Step 1: Install Jupyter Lab
# Using pip
pip install jupyterlab
# Or using conda
conda install -c conda-forge jupyterlab
# Verify installation
jupyter lab --version
Step 2: Launch Jupyter Lab
# Start Jupyter Lab server
jupyter lab
# Opens in browser at http://localhost:8888
# Ctrl+C in terminal to stop server
Step 3: Install Kernel for Virtual Environment
To use a specific virtual environment in Jupyter Lab:
# Activate your virtual environment first
source myenv/bin/activate # macOS/Linux
# or
myenv\Scripts\activate # Windows
# Install ipykernel
pip install ipykernel
# Add environment as Jupyter kernel
python -m ipykernel install --user --name=myenv --display-name "Python (myenv)"

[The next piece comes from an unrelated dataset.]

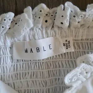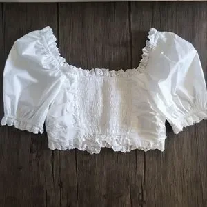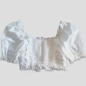 NWOT - MABLE Country Nights Cropped Lace Up Peasant Blouse - White. Features Short Crop, Adjustable Lace Up Ruched Chest, Off the Shoulder, Elbow Length with Slight Balloon Sleeve, Elastic Cuff, Eyelet Hem Detail, Slightly Stretchy Scrunch Back.

# Now this kernel appears in Jupyter Lab's kernel selector
Step 4: Essential Jupyter Lab Extensions
Recommended Extensions
- Table of Contents: Navigate large notebooks easily
- Variable Inspector: View all variables in memory
- Git Extension: Version control integration
- Debugger: Visual debugging for notebooks
# Install extensions manager
pip install jupyterlab-git jupyter-lsp-python
# For variable inspector
pip install lckr-jupyterlab-variableinspector
Step 5: Jupyter Lab Best Practices
Configure Jupyter for optimal notebook experience:
# Generate config file
jupyter lab --generate-config
# Config location: ~/.jupyter/jupyter_lab_config.py
# Useful settings to add:
# c.ServerApp.open_browser = False # Don't auto-open browser
# c.ServerApp.port = 8888 # Default port
# c.ServerApp.notebook_dir = '/path/to/notebooks' # Default directory
Example of a well-structured notebook:
# Cell 1: Imports and Setup
import numpy as np
import pandas as pd
import matplotlib.pyplot as plt
%matplotlib inline
# Set random seed for reproducibility
np.random.seed(42)
# Configure pandas display
pd.set_option('display.max_columns', None)
pd.set_option('display.max_rows', 100)
# Cell 2: Load Data
df = pd.read_csv('data.csv')
print(f"Dataset shape: {df.shape}")
df.head()
# Cell 3: Exploratory Analysis
# Check for missing values
missing = df.isnull().sum()
print("Missing values:\n", missing[missing > 0])
# Statistical summary
df.describe()
Jupyter Lab Advantages: Native notebook experience, excellent for exploratory data analysis, rich ecosystem of extensions, great for sharing interactive results.
Google Colab Setup
Google Colab provides free cloud-based Jupyter notebooks with GPU/TPU access. It's perfect for machine learning experimentation without local hardware requirements.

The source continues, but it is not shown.